Lose All Your Weight, Fly for Free

Under a new pay-per-kilogram system, ghosts will be able to fly for nothing.

Samoa Air—which is sadly not an airplane made out of Girl Scout cookies and which is an airline with mini planes that appear to come pre-packaged in a box that you can order on Amazon—is beginning to charge its customers based on how much they weigh. As in, however many kilograms you bring on the plane—on your body and in your bags—you’ll multiply that by whatever set per-kilogram rate the airline is charging at the time.

From news.com.au:

“People have always traveled on the basis of their seat but as many airline operators know airlines don’t run on seats they run on weight and particularly the smaller the aircraft you are in the less variance you can accept in terms of the difference in weight between passengers,” [Samoa Air Chief Executive Chris] Langton told ABC radio.

“There is no doubt in my mind that this is the concept of the future. We always weigh the mass that is on an aircraft. And that always has to pay for the transportation, it doesn’t matter whether you are carrying freight or people. Anyone who travels at times has felt they have been paying for half of the passenger next to them. The standard width and pitch of the seat are changing as people are getting a bit bigger wider and taller than they were 40-50 years ago.”

Under the pay by weight system passengers input their weight into the online booking section of the Samoa Air website and pay the “pay-per-kilo” rate for that sector.

The rates range from $1 a kilogram—for the weight of the traveler and their baggage—on the airline’s shortest domestic route to about $4.16 per kilogram for travel from Samoa to American Samoa.

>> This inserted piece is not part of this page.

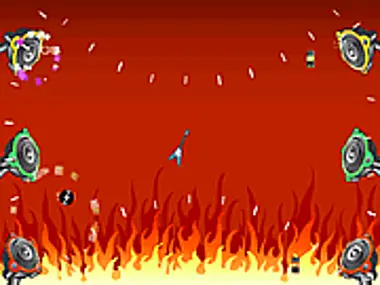 Asteroids remake where you're a guitar shooting records. Nice powerups and better than original.

Based on Samoa’s current rates, what would that cost the average American?

The average American woman weighs in at 166.2 pounds, or 75.5 kilograms, far from the ideal weight for her average height of 5 feet, 3.8 inches tall, according to the Centers for Disease Control. Her ticket on Samoa Air, at the $1 a kilogram rate, would cost $75.50.

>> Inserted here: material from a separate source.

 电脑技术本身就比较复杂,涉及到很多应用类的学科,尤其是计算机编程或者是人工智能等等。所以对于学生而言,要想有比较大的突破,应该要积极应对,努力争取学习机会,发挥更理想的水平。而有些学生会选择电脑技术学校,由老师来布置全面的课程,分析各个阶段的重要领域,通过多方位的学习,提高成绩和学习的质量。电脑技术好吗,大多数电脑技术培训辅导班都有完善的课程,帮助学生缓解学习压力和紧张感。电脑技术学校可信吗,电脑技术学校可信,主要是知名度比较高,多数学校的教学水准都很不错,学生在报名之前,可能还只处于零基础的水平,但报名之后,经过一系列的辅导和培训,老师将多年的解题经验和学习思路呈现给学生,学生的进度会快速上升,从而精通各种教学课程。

But let’s be honest here. The average American woman is at least 20 to 40 pounds overweight—and it’s costing her an extra $20 to $40.

Now, you could presumably lie about your weight because you’re just plugging it into a form on a ticketing site, but passengers are then weighed again at the airport—like: on a scale, possibly in public—to confirm the original transaction. (They’re forgiving up to a two-percent difference, but they don’t refund if you come to the airport with way less weight than originally planned. So, time your diet carefully or something.) Samoa Air is a tiny operation—their planes have no more than 10 seats—so they’re probably as well-situated as any airline to make this work. Despite some academic support for the idea, American airlines will probably be flying people to Mars and letting dogs pilot intercontinental flights before they’re able to implement something similar.